Descriptive statistics is often the first step and an important part in any statistical analysis. It allows to check the quality of the data by detecting potential outliers (i.e., data points that appear to be separated from the rest of the data), collection or encoding errors. It also helps to “understand” the data and if well presented, descriptive statistics is already a good starting point for further analyses.

Location versus dispersion measures

Several different measures (called statistics if we are analyzing a sample) are used to summarize the data. Some of them give an understanding about the location of the data, others give and understanding about the dispersion of the data. In practice, both types of measures are often used together in order to summarize the data in the most concise but complete way. We illustrate this point with the graph below, representing the height (in cm) of 100 persons divided into two groups (50 persons in each group):

The black line corresponds to the mean.
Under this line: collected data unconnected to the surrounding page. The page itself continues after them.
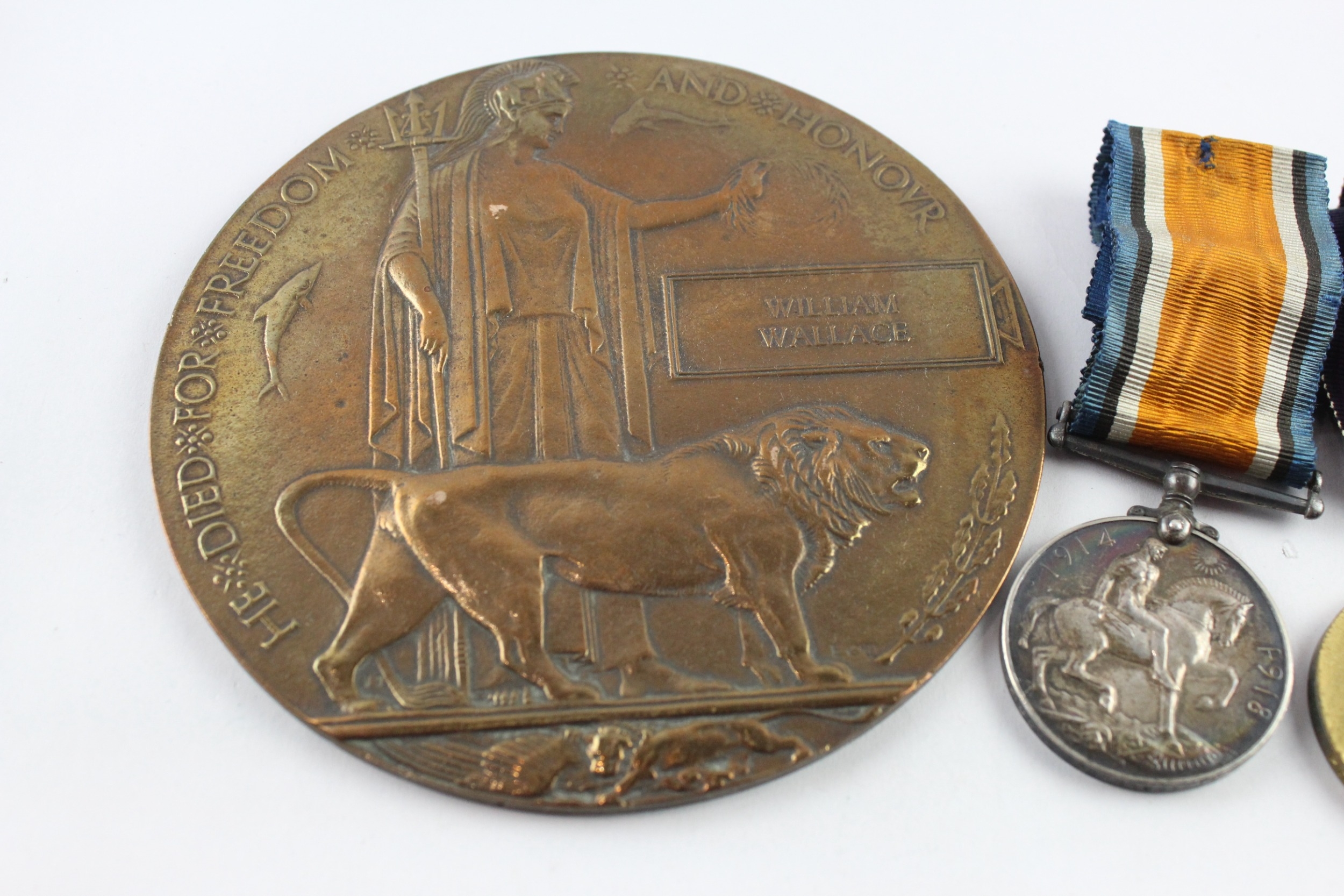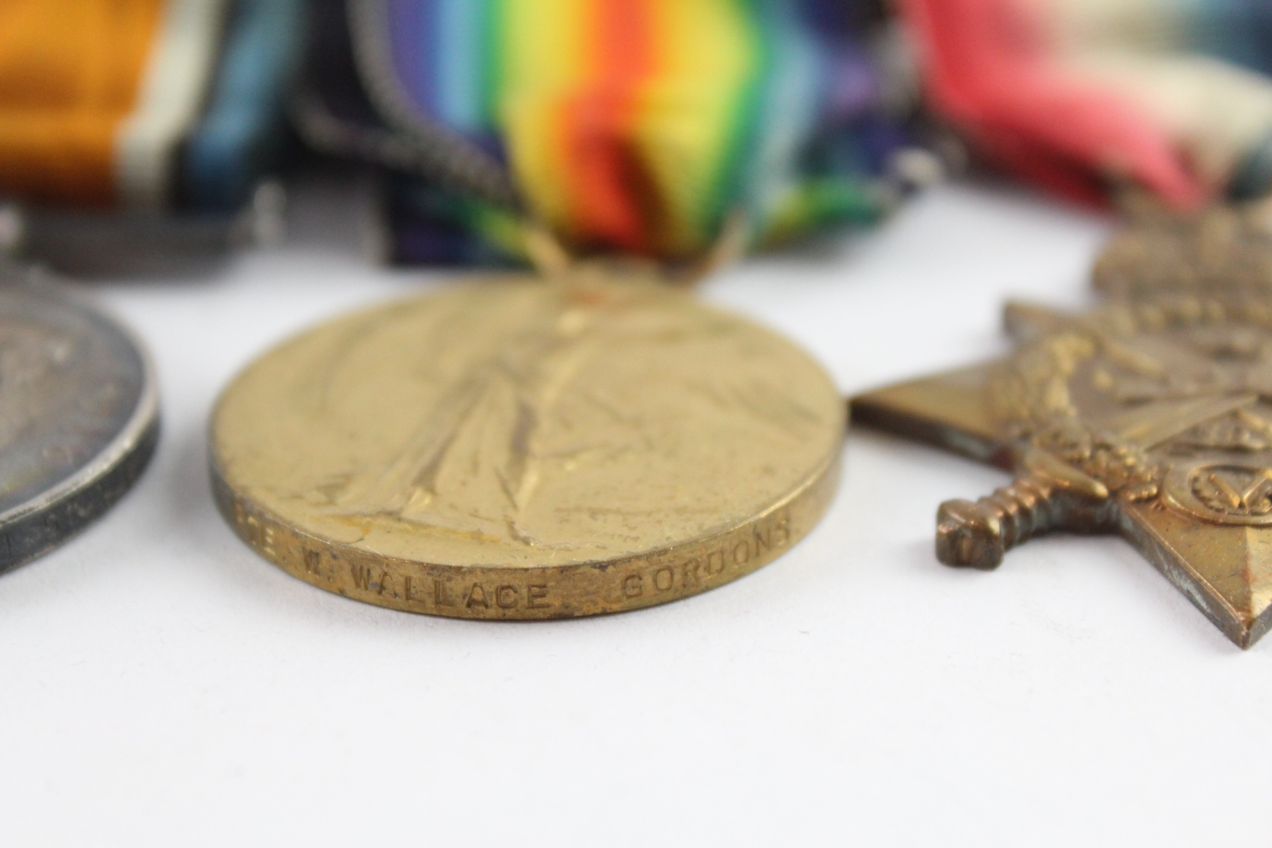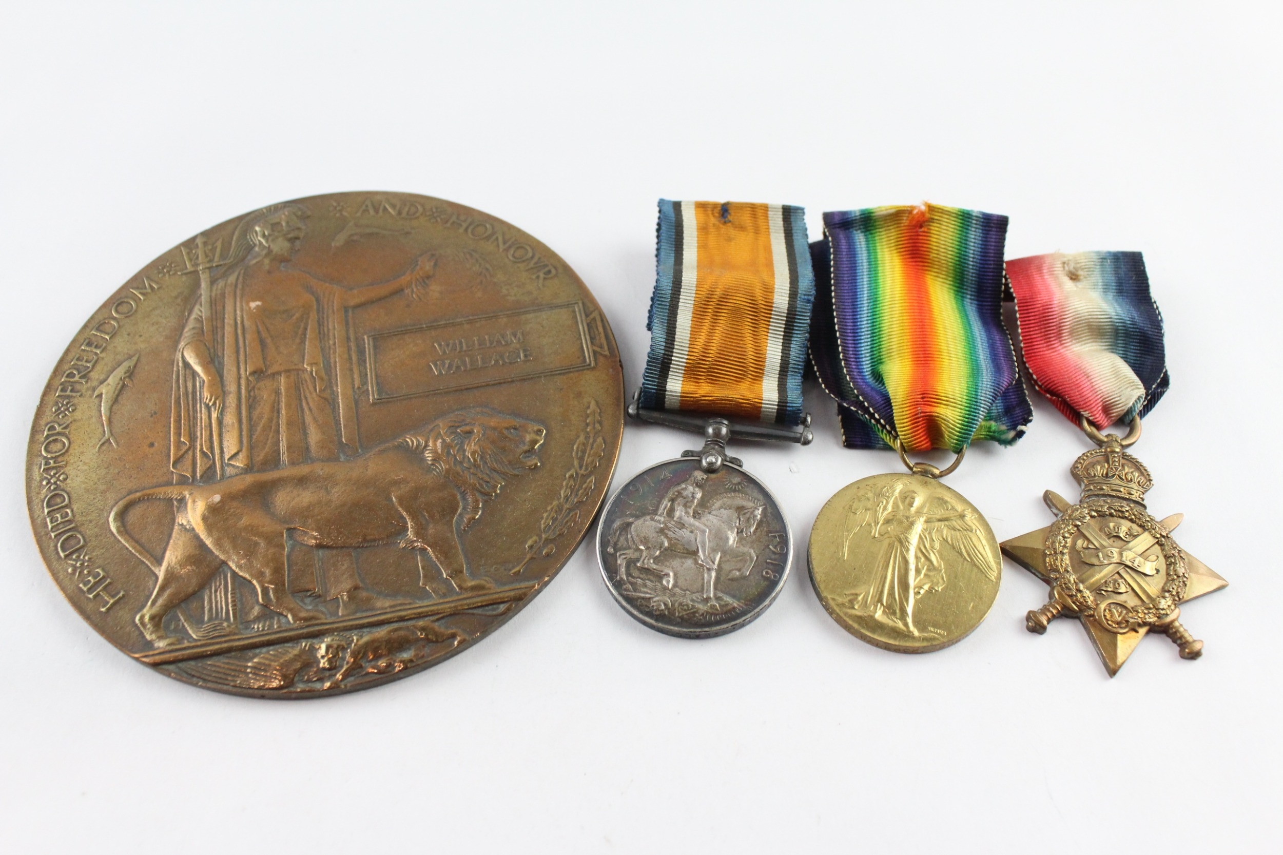 WW1 1914 Mons Star Trio & Death Plaque- Pte William Wallace 1st Gordon Highrs
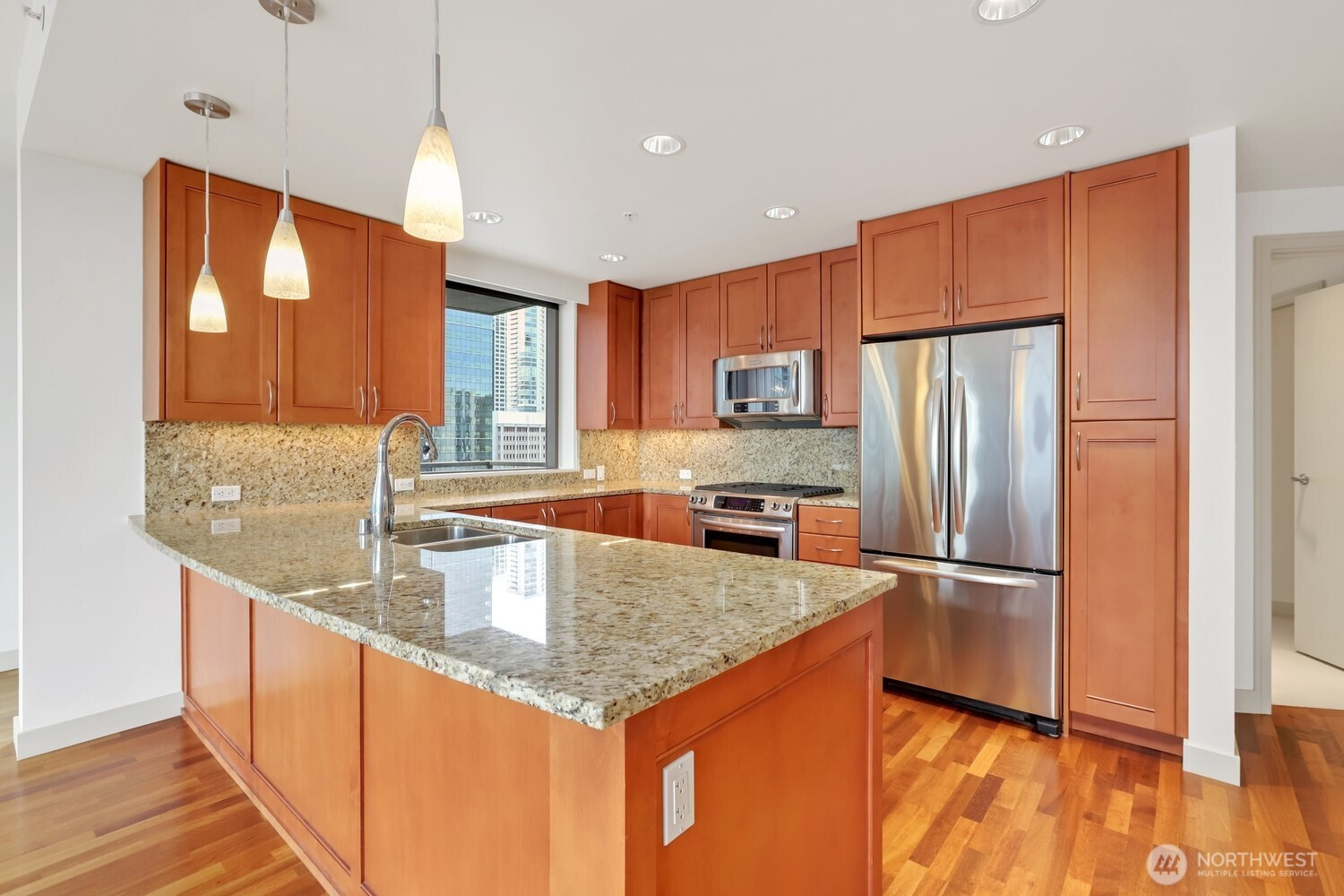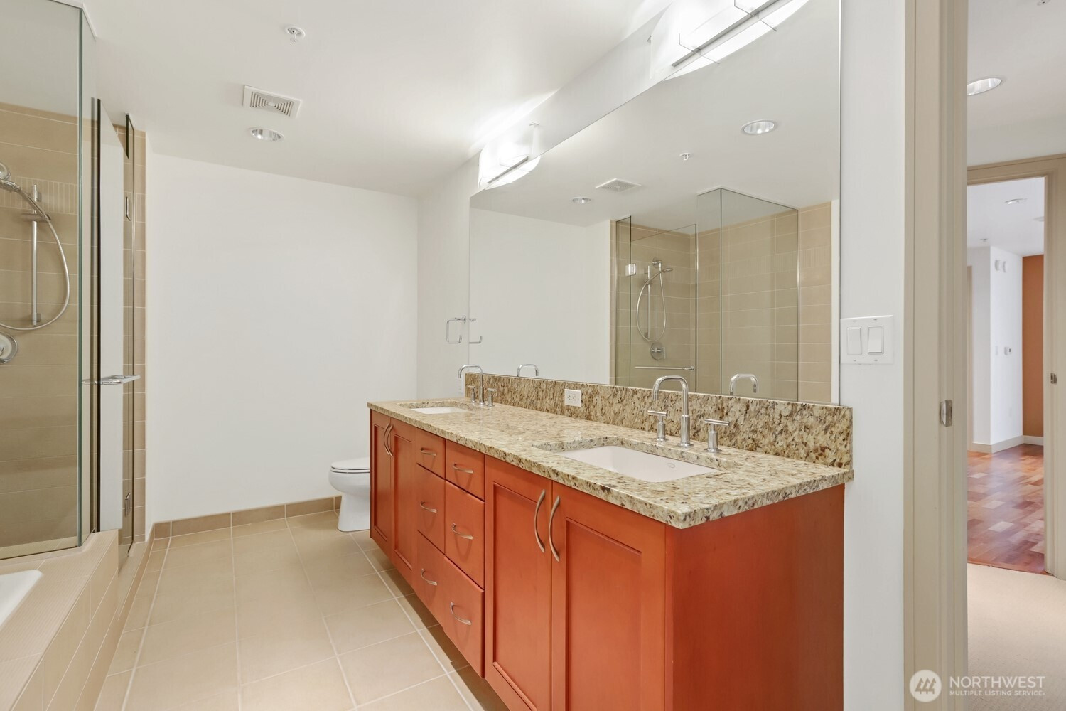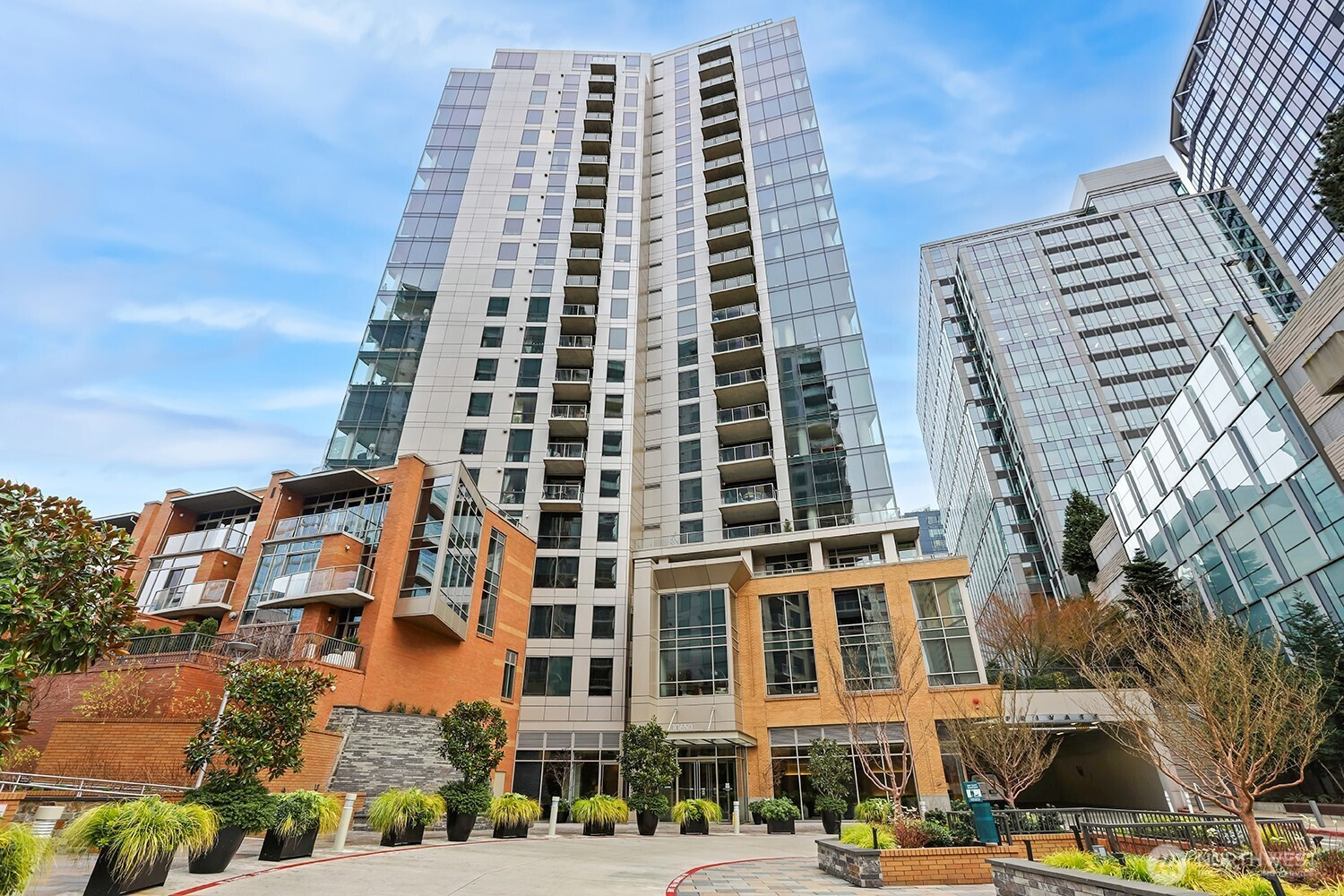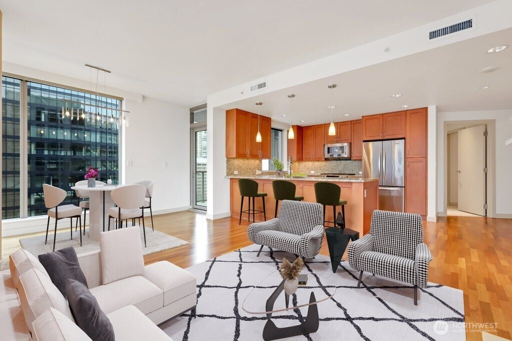 Luxury urban lifestyle awaits in the vibrant core of Downtown Bellevue. This 15th floor, 2 bed 2 bath SE facing corner residence boasts a spacious balcony, accessible from the dining room and primary suite. Floor-to-ceiling glass walls frame breathtaking city lights and Cascade mountain vistas. The open layout features rich hardwoods, slab granite counters, a gas FP, and automated window shades in the living and dining rooms. 2 secured parking spaces on P3 plus a storage unit on P2. Washington Square is ideally positioned just one block from Bellevue Square Mall. Resort-style amenities include a state-of-the-art fitness center, spa, owners lounge, game room, and concierge services. Steps from the Metro Transit Center. Monthly HOA is $1,420.36 including water/garbage/gas. The parking fee is $94.97/month for the 2 stalls and the sewer charge is $71.55/month.
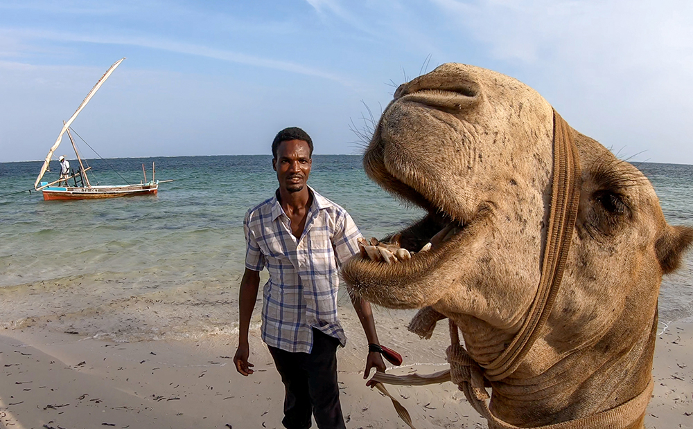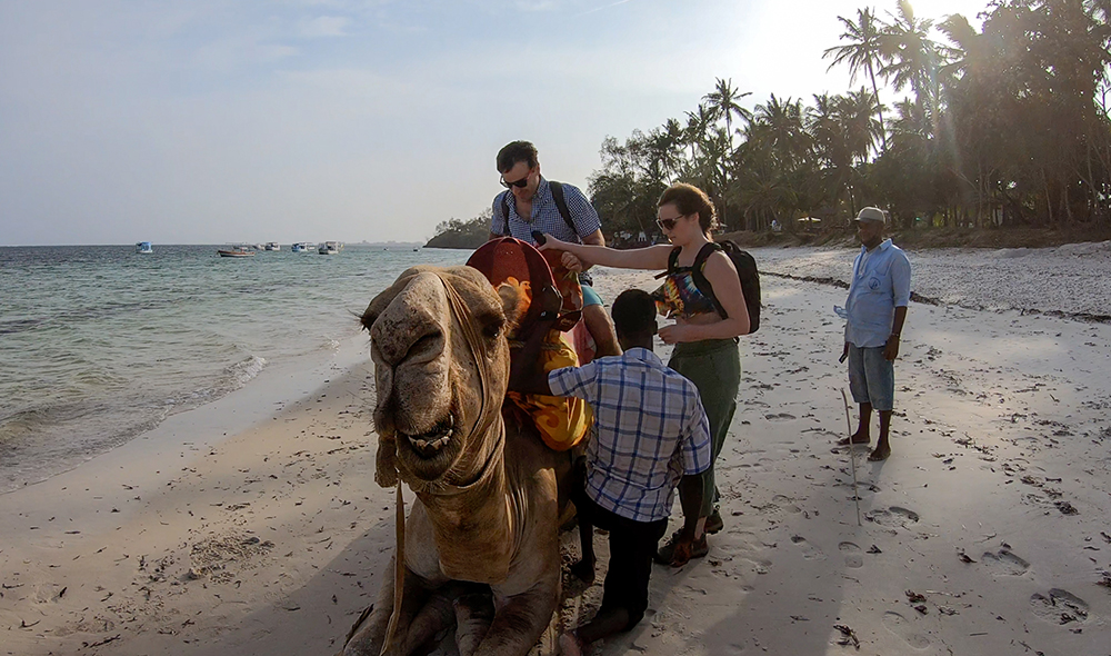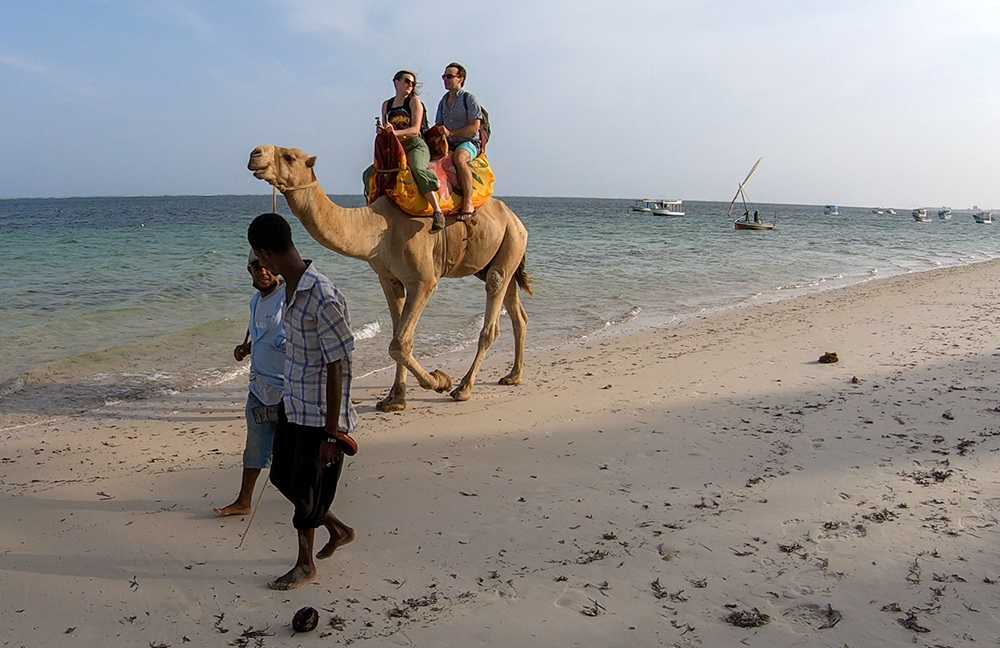 Charlie Brown’s owner asked if any of us wanted a ride, and then said it would cost 2,000 Kenyan Shillings (nearly 20 USD). This was too much for us so we said no thanks and continued walking along the beautiful shoreline. We all knew that wouldn’t be the last we would see of Charlie Brown, and soon enough, he and his owner had caught up with us and the haggling began. I’ve never haggled while being trailed by an eight foot tall camel before, so that was something new. We eventually settled on a price, and soon Vince and I were up in the saddle, lurching down the beach as Amy and Andrew filmed us.

The mean height (in cm) is similar in both groups. However, it is clear that the dispersion of heights are very different in the two groups. For this reason, location or dispersion measures are often not enough if presented individually and it is a good practice to present several statistics from both types of measures.

In the following sections, we detail the most common location and dispersion measures and illustrate them with examples.

Location

Location measures allow to see “where” the data are located, around which values. In other words, location measures give an understanding on what is the central tendency, the “position” of the data as a whole. It includes the following statistics (others exist but we focus on the most common ones):

  • minimum
  • maximum
  • mean
  • median
  • first quartile
  • third quartile
  • mode

We detail and compute by hand each of them in the following sections.

Minimum and maximum

Minimum (\(min\)) and maximum (\(max\)) are simply the lowest and largest values, respectively. Given the height (in cm) of a sample of 6 adults:

188.7, 169.4, 178.6, 181.3, 179 and 173.9

The minimum is 169.4 cm and the maximum is 188.7 cm. These two basic statistics give a clear idea about the size of the smallest and tallest of these 6 adults.

Mean

The mean, also known as average, is probably the most common statistics. It gives an idea on what is the average value, that is, the central value of the data or in other words the center of gravity. The mean is found by summing all values and dividing this sum by the number of observations (denoted \(n\)):

\[mean = \bar{x} = \frac{\text{sum of all values}}{\text{number of values}} = \frac{1}{n}\sum^{n}_{i = 1} x_i\] Below a visual representation of the mean:

Mean. Source: LFSAB1105 at UCLouvain

Given our sample of 6 adults presented above, the mean is:

\[\bar{x} = \frac{188.7 + 169.4 + 178.6 + 181.3 + 179 + 173.9}{6}\\ = 178.4833\]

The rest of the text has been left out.